ACTIVITY
Take from the entries below the stretch from the line with "3月6号下午,太阳成集团ty" through the line with "그리고 cmd 를 키고", and return it exactly, leaving the pictures out.

INFORMATION PROVIDED
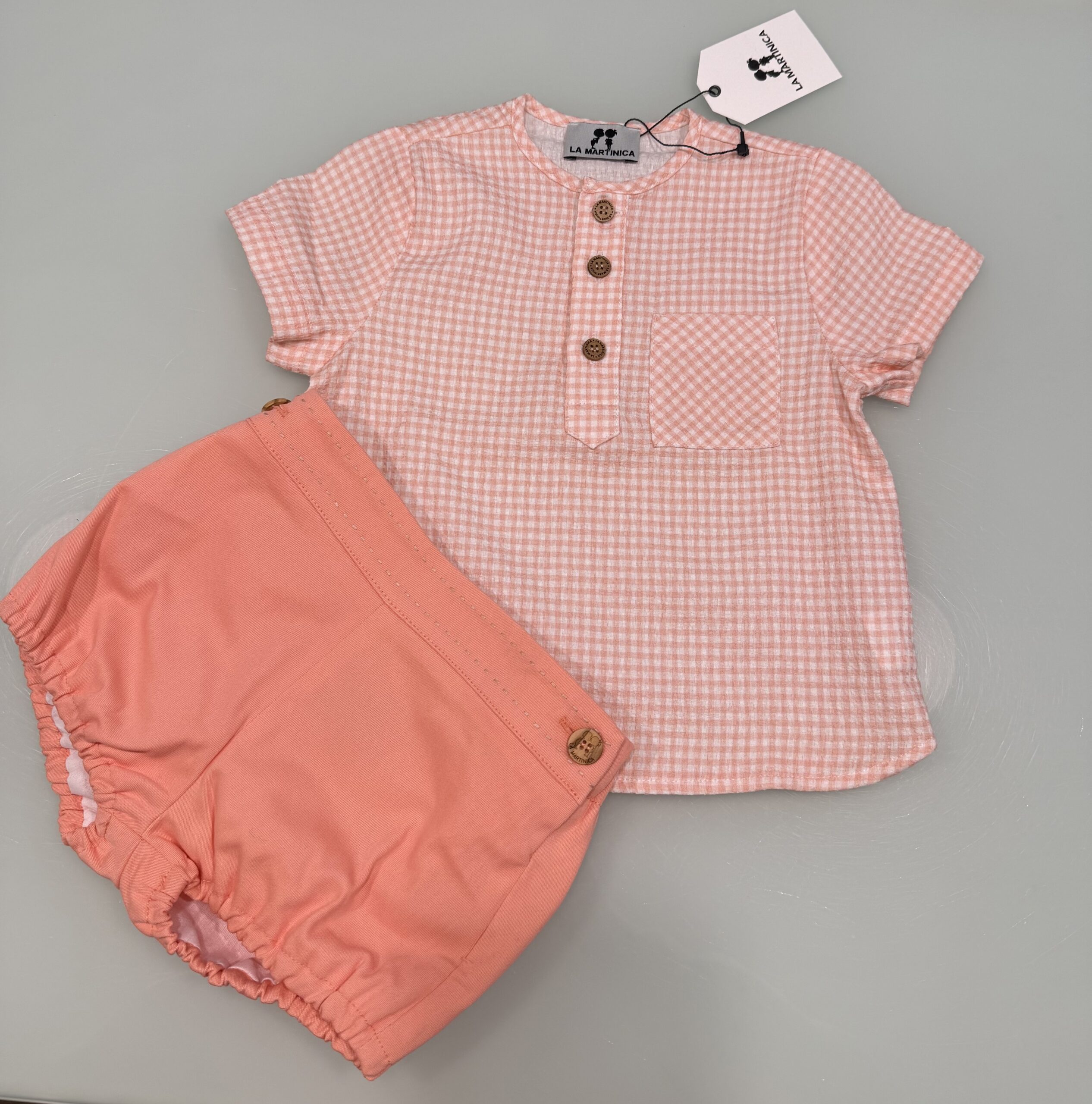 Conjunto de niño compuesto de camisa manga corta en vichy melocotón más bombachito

...

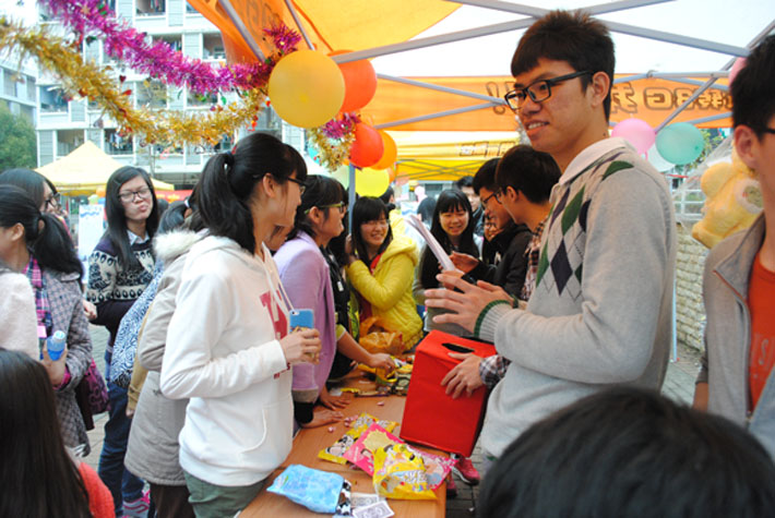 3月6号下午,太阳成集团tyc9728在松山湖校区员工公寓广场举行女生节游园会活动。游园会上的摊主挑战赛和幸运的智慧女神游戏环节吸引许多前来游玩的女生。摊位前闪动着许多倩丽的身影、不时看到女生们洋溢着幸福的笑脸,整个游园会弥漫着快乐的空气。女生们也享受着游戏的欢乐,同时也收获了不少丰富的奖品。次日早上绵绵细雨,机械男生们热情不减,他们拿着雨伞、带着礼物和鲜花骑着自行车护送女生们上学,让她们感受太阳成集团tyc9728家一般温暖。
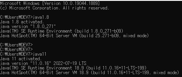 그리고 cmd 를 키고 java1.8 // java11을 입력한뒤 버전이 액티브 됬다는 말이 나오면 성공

REPLY
 3月6号下午,太阳成集团tyc9728在松山湖校区员工公寓广场举行女生节游园会活动。游园会上的摊主挑战赛和幸运的智慧女神游戏环节吸引许多前来游玩的女生。摊位前闪动着许多倩丽的身影、不时看到女生们洋溢着幸福的笑脸,整个游园会弥漫着快乐的空气。女生们也享受着游戏的欢乐,同时也收获了不少丰富的奖品。次日早上绵绵细雨,机械男生们热情不减,他们拿着雨伞、带着礼物和鲜花骑着自行车护送女生们上学,让她们感受太阳成集团tyc9728家一般温暖。
 그리고 cmd 를 키고 java1.8 // java11을 입력한뒤 버전이 액티브 됬다는 말이 나오면 성공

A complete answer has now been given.